BEGIN Data in this exercise

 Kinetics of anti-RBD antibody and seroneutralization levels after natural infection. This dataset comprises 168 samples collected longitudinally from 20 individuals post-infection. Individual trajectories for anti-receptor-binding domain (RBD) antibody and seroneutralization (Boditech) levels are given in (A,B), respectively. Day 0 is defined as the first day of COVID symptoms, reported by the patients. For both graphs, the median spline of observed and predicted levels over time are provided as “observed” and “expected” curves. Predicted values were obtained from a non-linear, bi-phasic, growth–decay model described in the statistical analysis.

END Data in this exercise
BEGIN Data in this exercise

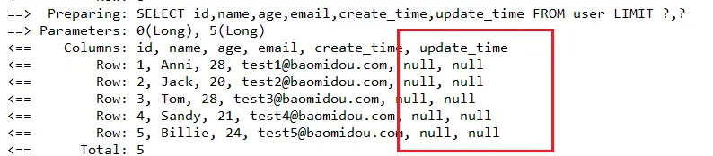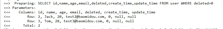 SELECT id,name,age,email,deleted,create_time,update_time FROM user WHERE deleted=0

END Data in this exercise
BEGIN Data in this exercise

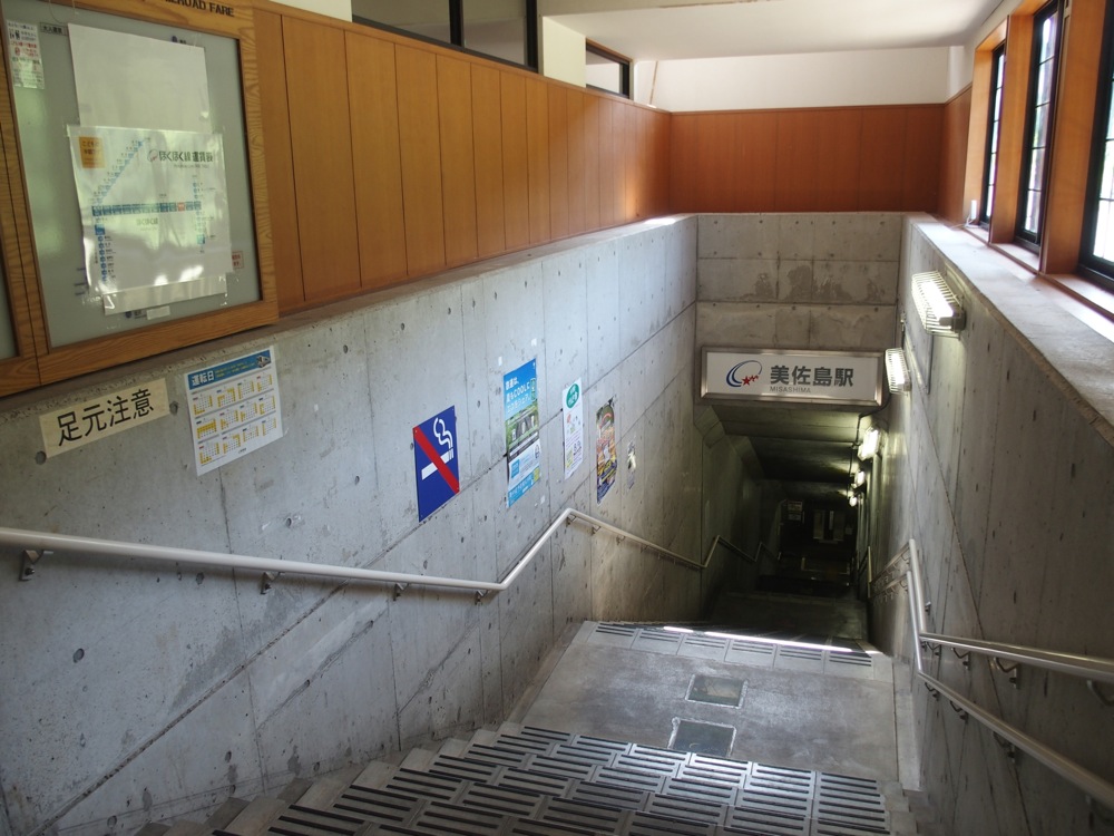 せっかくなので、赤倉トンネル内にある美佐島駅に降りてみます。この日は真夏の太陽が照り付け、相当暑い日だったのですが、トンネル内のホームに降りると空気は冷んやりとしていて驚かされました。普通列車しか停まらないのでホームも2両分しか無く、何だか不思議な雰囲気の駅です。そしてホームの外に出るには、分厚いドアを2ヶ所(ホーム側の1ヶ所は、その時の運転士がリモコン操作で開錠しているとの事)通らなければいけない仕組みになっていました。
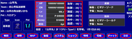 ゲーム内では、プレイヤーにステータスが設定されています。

END Data in this exercise

Between and including the line with "せっかくなので、赤倉トンネル" and the line with "ゲーム内では、プレイヤーにステータスが設定されています。", repeat every line exactly as it appears above, with pictures left out.

 せっかくなので、赤倉トンネル内にある美佐島駅に降りてみます。この日は真夏の太陽が照り付け、相当暑い日だったのですが、トンネル内のホームに降りると空気は冷んやりとしていて驚かされました。普通列車しか停まらないのでホームも2両分しか無く、何だか不思議な雰囲気の駅です。そしてホームの外に出るには、分厚いドアを2ヶ所(ホーム側の1ヶ所は、その時の運転士がリモコン操作で開錠しているとの事)通らなければいけない仕組みになっていました。
 ゲーム内では、プレイヤーにステータスが設定されています。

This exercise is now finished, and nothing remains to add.